ACTION ITEM :: Give back every line of the material exactly. Skip the pictures.

DATA RECORDS ::
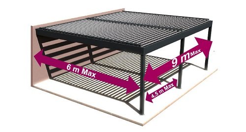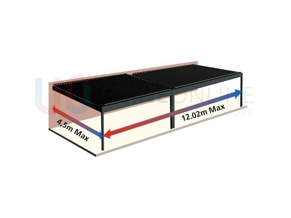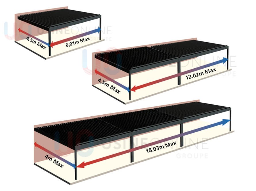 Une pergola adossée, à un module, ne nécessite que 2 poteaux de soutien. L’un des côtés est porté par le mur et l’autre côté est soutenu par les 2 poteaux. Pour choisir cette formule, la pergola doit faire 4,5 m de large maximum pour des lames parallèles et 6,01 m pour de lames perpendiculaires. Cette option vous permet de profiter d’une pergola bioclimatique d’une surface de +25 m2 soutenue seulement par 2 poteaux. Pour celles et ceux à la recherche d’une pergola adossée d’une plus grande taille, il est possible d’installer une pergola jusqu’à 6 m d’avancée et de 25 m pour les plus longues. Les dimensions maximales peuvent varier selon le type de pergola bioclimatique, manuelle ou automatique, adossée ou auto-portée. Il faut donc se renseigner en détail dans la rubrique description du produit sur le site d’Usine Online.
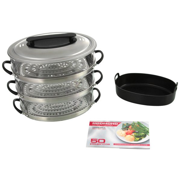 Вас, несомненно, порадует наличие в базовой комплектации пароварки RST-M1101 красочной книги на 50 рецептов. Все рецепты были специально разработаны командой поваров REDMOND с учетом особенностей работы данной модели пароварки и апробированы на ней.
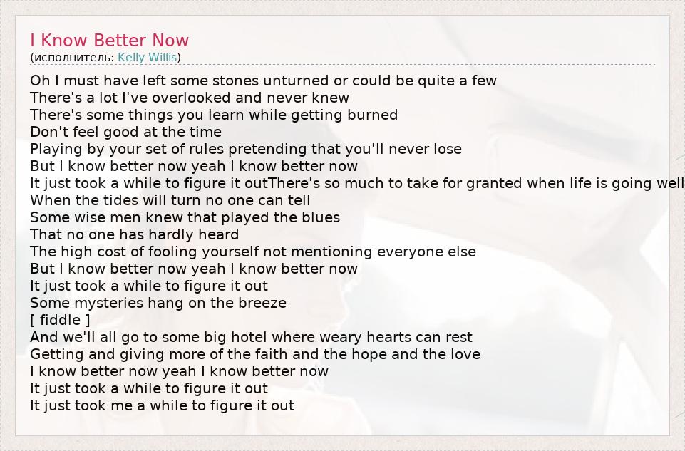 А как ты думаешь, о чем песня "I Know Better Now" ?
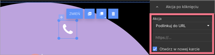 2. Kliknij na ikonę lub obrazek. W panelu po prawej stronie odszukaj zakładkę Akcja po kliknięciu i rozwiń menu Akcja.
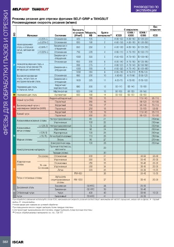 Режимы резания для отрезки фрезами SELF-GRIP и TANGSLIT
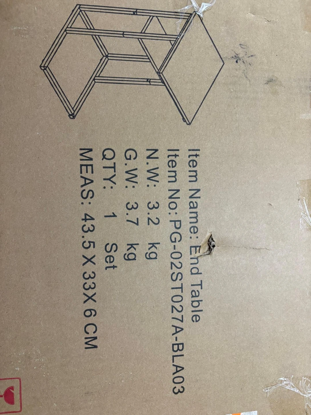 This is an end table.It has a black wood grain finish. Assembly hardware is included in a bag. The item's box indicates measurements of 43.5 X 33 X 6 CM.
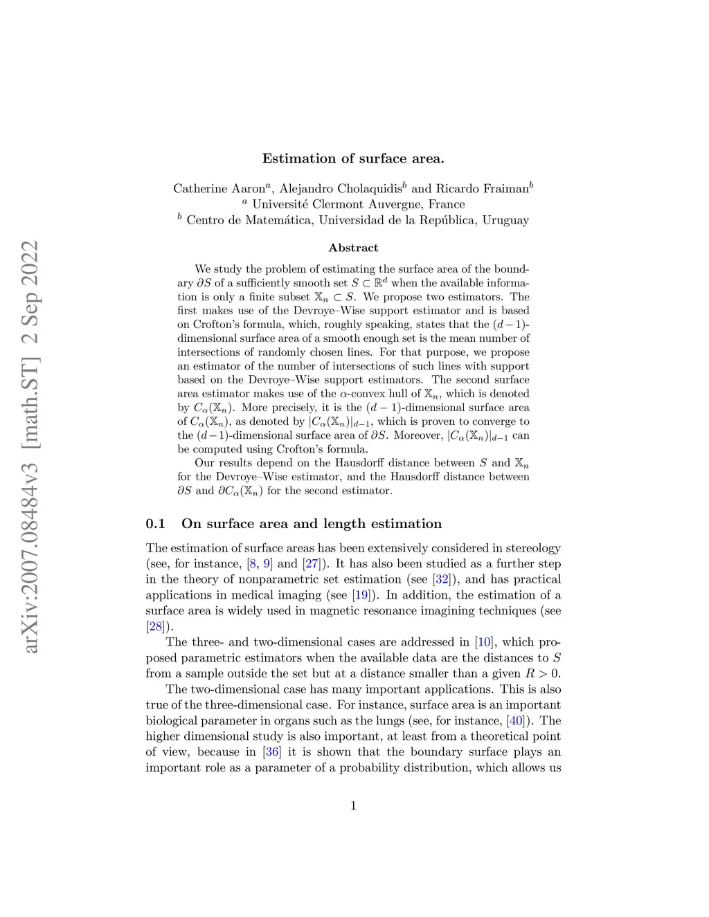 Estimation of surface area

ANSWER AREA ::
 Une pergola adossée, à un module, ne nécessite que 2 poteaux de soutien. L’un des côtés est porté par le mur et l’autre côté est soutenu par les 2 poteaux. Pour choisir cette formule, la pergola doit faire 4,5 m de large maximum pour des lames parallèles et 6,01 m pour de lames perpendiculaires. Cette option vous permet de profiter d’une pergola bioclimatique d’une surface de +25 m2 soutenue seulement par 2 poteaux. Pour celles et ceux à la recherche d’une pergola adossée d’une plus grande taille, il est possible d’installer une pergola jusqu’à 6 m d’avancée et de 25 m pour les plus longues. Les dimensions maximales peuvent varier selon le type de pergola bioclimatique, manuelle ou automatique, adossée ou auto-portée. Il faut donc se renseigner en détail dans la rubrique description du produit sur le site d’Usine Online.
 Вас, несомненно, порадует наличие в базовой комплектации пароварки RST-M1101 красочной книги на 50 рецептов. Все рецепты были специально разработаны командой поваров REDMOND с учетом особенностей работы данной модели пароварки и апробированы на ней.
 А как ты думаешь, о чем песня "I Know Better Now" ?
 2. Kliknij na ikonę lub obrazek. W panelu po prawej stronie odszukaj zakładkę Akcja po kliknięciu i rozwiń menu Akcja.
 Режимы резания для отрезки фрезами SELF-GRIP и TANGSLIT
 This is an end table.It has a black wood grain finish. Assembly hardware is included in a bag. The item's box indicates measurements of 43.5 X 33 X 6 CM.
 Estimation of surface area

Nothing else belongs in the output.